Causality $\neq$ Invariance: Function and Concept Vectors in LLMs
Gustaw Opie{\l}ka, Hannes Rosenbusch, Claire E. Stevenson

TL;DR
This paper investigates how large language models represent concepts, revealing that Function Vectors are input-format dependent while Concept Vectors offer more stable, cross-format representations, with implications for model understanding and generalization.
Contribution
The study introduces Concept Vectors as a more stable concept representation in LLMs, contrasting with Function Vectors, and analyzes their emergence, differences, and generalization capabilities.
Findings
FVs are nearly orthogonal across different input formats.
CVs are more stable and generalize better out-of-distribution.

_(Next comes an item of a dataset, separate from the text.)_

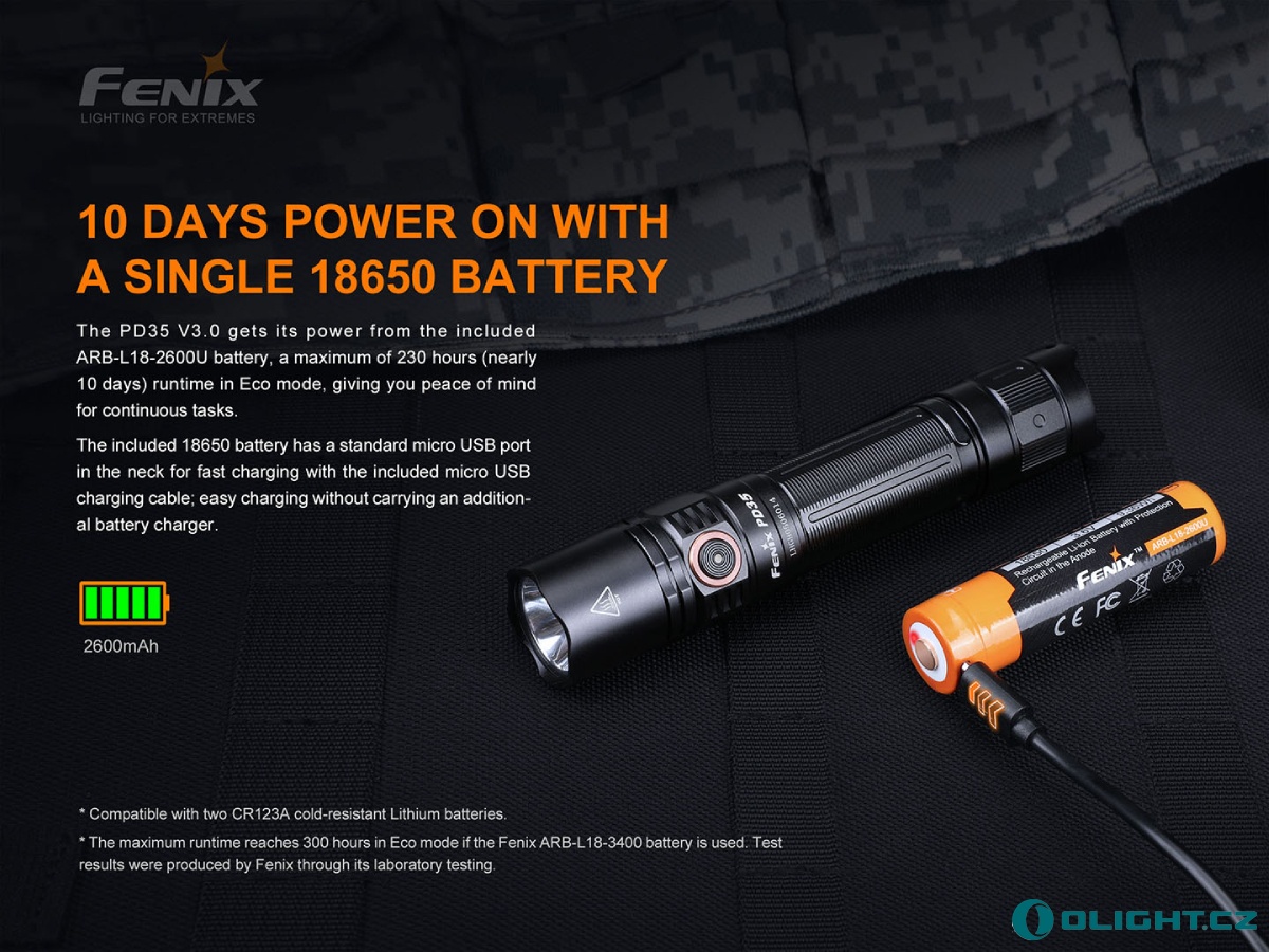 Nejnovější generace vysoce výkonné kapesní svítilny Fenix PD35 V3.0 přináší světelný tok až 1700 lumenů (ANSI) a dosvit až 357 metrů. Výborného světelného výkonu bylo dosaženo použitím nejnovější LED Luminus SFT-40. Svítilna je napájena z Li-ion 18650 2600 mAh akumulátoru (součástí balení), s vlastním nabíjecím micro-USB konektorem. Fenix PD35 V3.0 disponuje šesti různými režimy svícení, které umožní volit mezi vysokým výkonem a dlouhou výdrží, která dosahuje až 230 hodin. Jedním ze světelných režimů je i stroboskop, který se hodí pro krizové situace. Svítilna je napájena digitálně regulovaným konstantním proudem pro zaručení stálého světelného výkonu i při snižování napětí v bateriích (při jejich pozvolném vybíjení), kdy je zároveň také vybavena indikací stavu nabití baterií. PD35 V3.0 zaujme nejen malou velikostí a vysokým výkonem, ale i taktickým spínačem a možností připevnění kabelového spínače Fenix AER-02. Můžeme ji proto doporučit nejen pro všechny outdoorové nadšence, ale najde jistě využití i v bezpečnostních složkách a pro myslivost.

FVs excel in in-distribution, format-matched scenarios.
Abstract
Do large language models (LLMs) represent concepts abstractly, i.e., independent of input format? We revisit Function Vectors (FVs), compact representations of in-context learning (ICL) tasks that causally drive task performance. Across multiple LLMs, we show that FVs are not fully invariant: FVs are nearly orthogonal when extracted from different input formats (e.g., open-ended vs. multiple-choice), even if both target the same concept. We identify Concept Vectors (CVs), which carry more stable concept representations. Like FVs, CVs are composed of attention head outputs; however, unlike FVs, the constituent heads are selected using Representational Similarity Analysis (RSA) based on whether they encode concepts consistently across input formats. While these heads emerge in similar layers to FV-related heads, the two sets are largely distinct, suggesting different underlying…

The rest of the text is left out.